Army discipline was harsh, and during this campaign over 500 British soldiers were flogged - a punishment toll that caused such an uproar back in England that corporal punishment in the army was thereafter banned. Redcoats and Zulus also dispels some of the popular myths surrounding the Zulu War, especially the long-held notion that the loss of so many troops at Isandlwana was down to problems with ammunition supplies. The book's co-authors argue strongly that the Zulu army simply outmanoeuvred and outfought the British that day, so the battle should be seen less as a British defeat than a great Zulu victory. Dr Adrian Greaves, editor of the Journal of Anglo-Zulu War Historical Society and author of several books on the major battles of the Zulu War, has assembled a distinguished group of contributors, including writer and broadcaster Ian Knight, who has written some 25 books on different aspects of the Zulu wars and Major Martin Everett, curator of the South Wales Borderers Museum in Brecon. Each has drawn on extensive archival sources and eyewitness accounts (much of this material in private collections) and the result is overwhelmingly a work of original research, making it one of the most authoritative books in print on this subject. Redcoats and Zulus should appeal not just to diehard Zulu War buffs but to anyone interested in British military or colonial history.

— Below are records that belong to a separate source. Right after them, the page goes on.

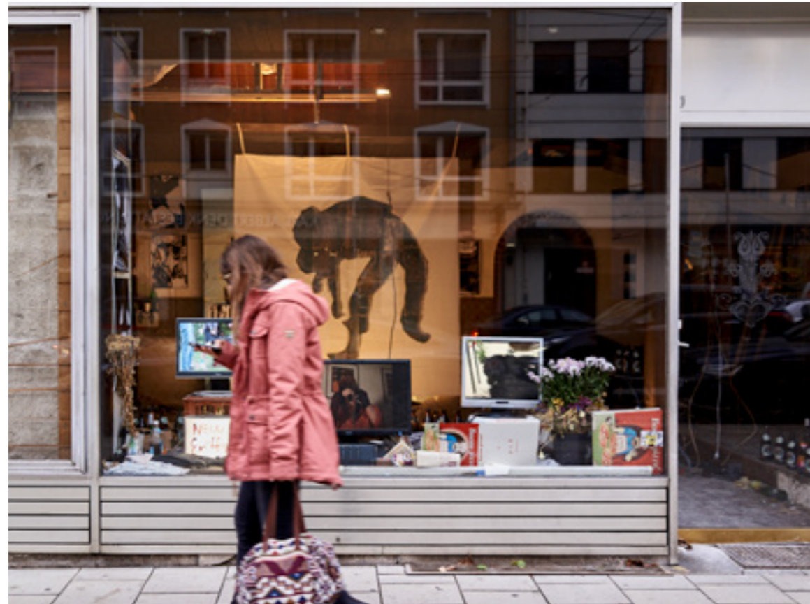
Zwischennutzungen in leerstehenden Ladenlokalen (Bild: Kunstinstallation St.-Bonifatius-Straße), Beratung zur Geschäftsgestaltung und Gemeinschaftsaktionen von Gewerbetreibenden – so bleibt das Stadtteilzentrum lebendig und die lokale Ökonomie wird gestärkt.

Da sich Gewerbetreibende nur für die Nachbarschaft und den Stadtteil einsetzen können, wenn der eigene Laden „läuft“, gab es zahlreiche individuelle Beratungen sowie gemeinsame Qualifizierungsangebote: u.a. Store-Checks sowie Vorträge und Workshops von Experten – zu den Themen Schaufenster- und Ladengestaltung, Kundengewinnung und Kundenbindung sowie Einsatz neuer Medien. Bei den Store-Checks wurden einzelne Betriebe besucht und individuelle Fragen beantwortet. Im Anschluss erhielten die Geschäfte eine Checkliste mit konkreten Ideen. In einigen Geschäften wurde bereits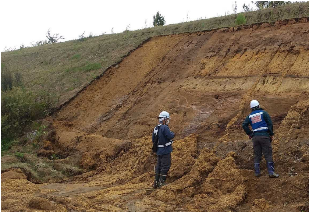
有識者による被災法面の点検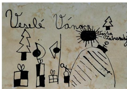
Záborský Vojtěch, VII. C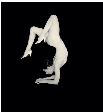
En équilibre III © Agnès Geoffroy

En partenariat avec la librairie 47°Nord, Mulhouse.

IF YOU LIKE THIS, TRY... Rorke's Drift: By those who were there, by Alan Baynham Jones and Lee Stevenson. With his face to the foe: The death of the Prince Imperial, by Ian Knight. Andy Smith FRGS FCIJ The British Army Review Spring 2005

Thursday 12th of January 2006 08:36:55 PM

Review By : Elizabeth Hogan

A review of the review by Major Mike Snook of the Royal Regiment of Wales. In the British Army Review Spring 2005, Major Snook stated that he was ‘glad to have added this second book to his collection’. The book marked the 125th Anniversary of the war and Adrian Greaves, the book’s editor, has collated a rather good collection of learned articles from the excellent journals of the Anglo Zulu War Historical Society. Major Snook describes Redcoats and Zulus as ‘this excellent Pen & Sword production’ and contributors include Adrian Greaves, Ian knight and Brian Best. The book deals with all aspects of the Zulu War from the political causes to the conclusion and capture of King Cetshwayo. Snook writes that the two essential points, in his opinion, are firstly that the contributors all know what they doing, having studied the AZW in depth, ‘unlike some of our revisionist chums’, and secondly, that Dr Greaves has chosen ‘a spread of articles that pretty much cover the AZW from beginning to end, and which address all the major issues along the way’. Snook complements the book by adding; ‘If you are a serious AZW buff, or even if you are coming to the subject for the first time, you are on safe ground with expending your pennies here; thoughtful, original, different, learned and interesting. There is plenty of good meaty history to reflect on here’.

 His advice? ‘Go and buy it now’. Snook generously gives the book a ‘Highly recommended’.